Ce dimanche 12 mai se tient la Journée européenne de prévention des AVC. L’occasion de rappeler que ces accidents vasculaires cérébraux ne relèvent pas de la fatalité. A condition de connaître les signaux d’alerte et les réflexes à adopter.

L’accident vasculaire cérébral fait peur. Pourtant, « il existe des facteurs de risque qui peuvent être corrigés et des signaux d’alerte », rappellent les neurologues du CHU d’Angers à l’occasion de Journée européenne de prévention des AVC.

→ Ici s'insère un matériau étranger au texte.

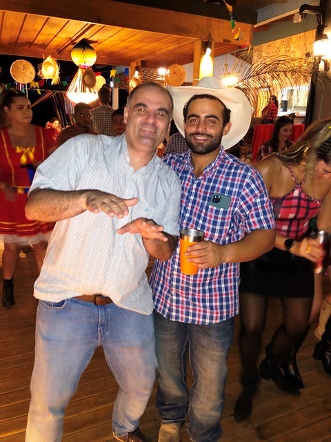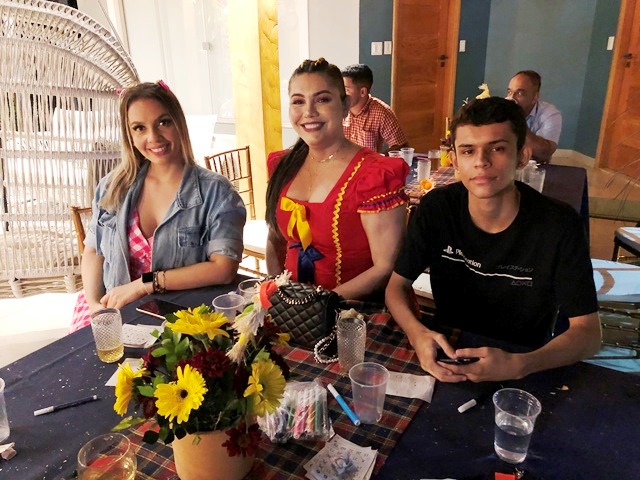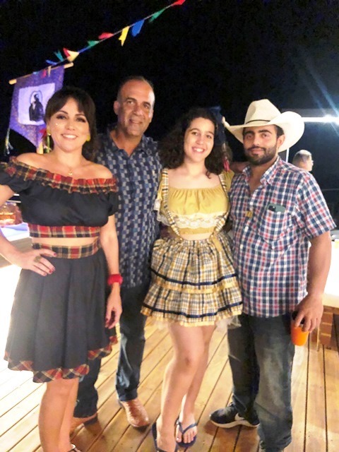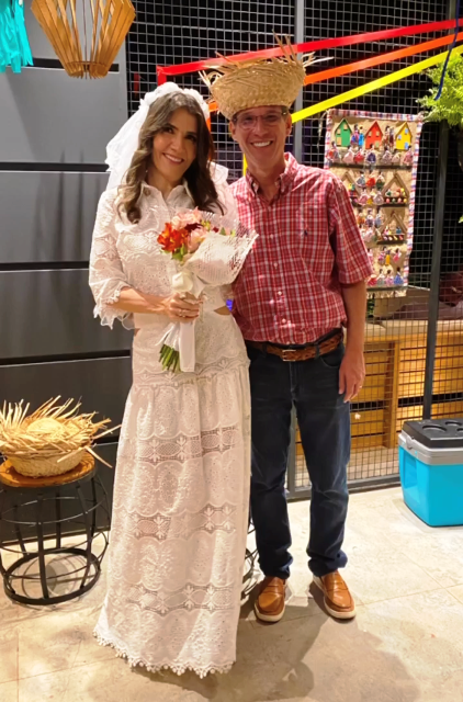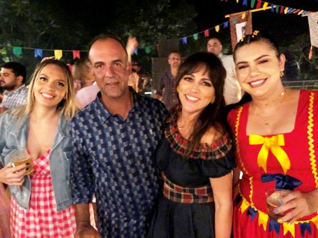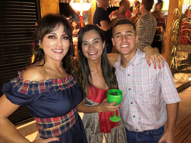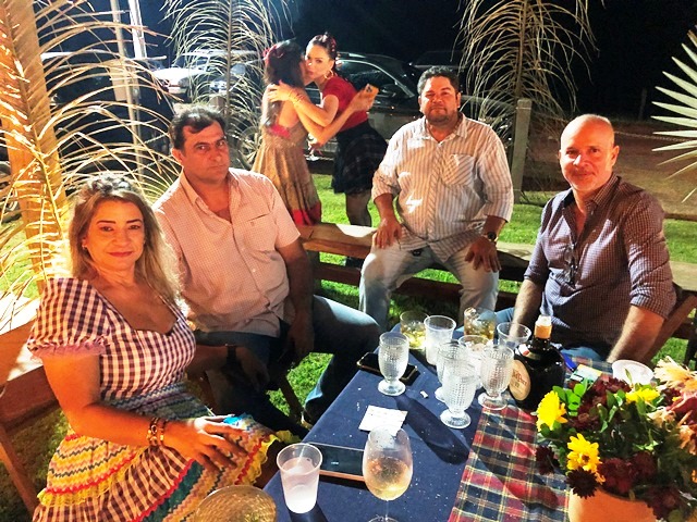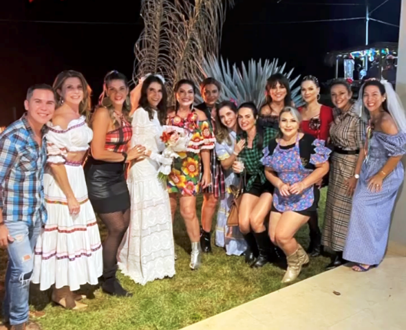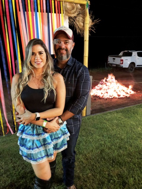 O casal de pecuarista Dani Florêncio e Luís Antônio recebeu os amigos em sua belíssima fazenda em Capixaba, na noite do sábado, 25 de junho para comemorarem em grande estilo o dia de São João, com um arraial pra lá de animado entre amigos. O local recebeu decoração junina especial, elaborara pela anfitriã que capricha em todos os detalhes e é conhecida por receber super bem seus convidados. Na entrada, foi montada uma linda e gigante fogueira e em seguida os convidados adentravam na festa através de um portal de fitinhas coloridas. As comidas estavam dos deuses, tudo maravilho. Para animar a noite, muito forró e sertanejo, uma noite hiper animada que deixou os presentes com um gostinho de “quero mais”. A noite contou com rodadas de bingo e quadrilha. Marcaram presença:
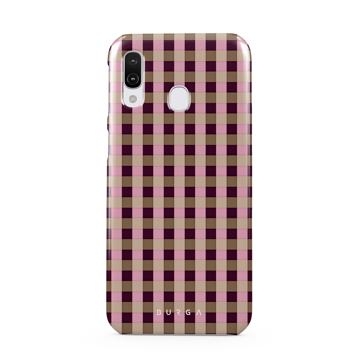 This design features: pink and burgundy plaid pattern, modern checkered style.

Bien entendu, il existe certains critères contre lesquels on ne peut rien : l’âge, le sexe, l’hérédité… En revanche, d’autres peuvent être corrigés. C’est le cas de l’hypertension, de l’hypercholestérolémie, du diabète, de l’obésité, du tabagisme, de la consommation d’alcool… La clé, « une stricte hygiène de vie : reprendre une activité physique, avoir une alimentation saine, surveiller son cholestérol et sa tension artérielle… », continue le CHU d’Angers.

Reconnaître les signes

« Lorsqu’un AVC survient, la prise en charge rapide de la victime est essentielle pour lui garantir les meilleures chances de récupération possibles. » Ainsi, quatre symptômes doivent vous alerter :

– Un déficit brutal avec perte de la parole ou difficulté à s’exprimer ;

– Une paralysie faciale, bouche de travers ;

– Une perte de force brutale d’un bras et/ou d’une jambe ;

– Une anomalie soudaine de la vision, d’un œil ou du champ visuel.

« Il ne faut pas négliger ces signaux d’alerte, même transitoires », insiste Dr Alderic Lecluse, neurologue au CHU d’Angers. «  Les mini AVC ou accidents ischémiques transitoires provoquant des déficits inférieurs à une heure, ne sont pas anodins ! »

Chaque minute compte

En cas de signes évocateurs, l’appel au 15 doit devenir le réflexe. « Il existe en effet des traitements spécifiques à l’AVC ischémique (le plus courant, ndlr) disponibles dans un délai de 4h30 à 6h après les premiers signaux d’alerte ».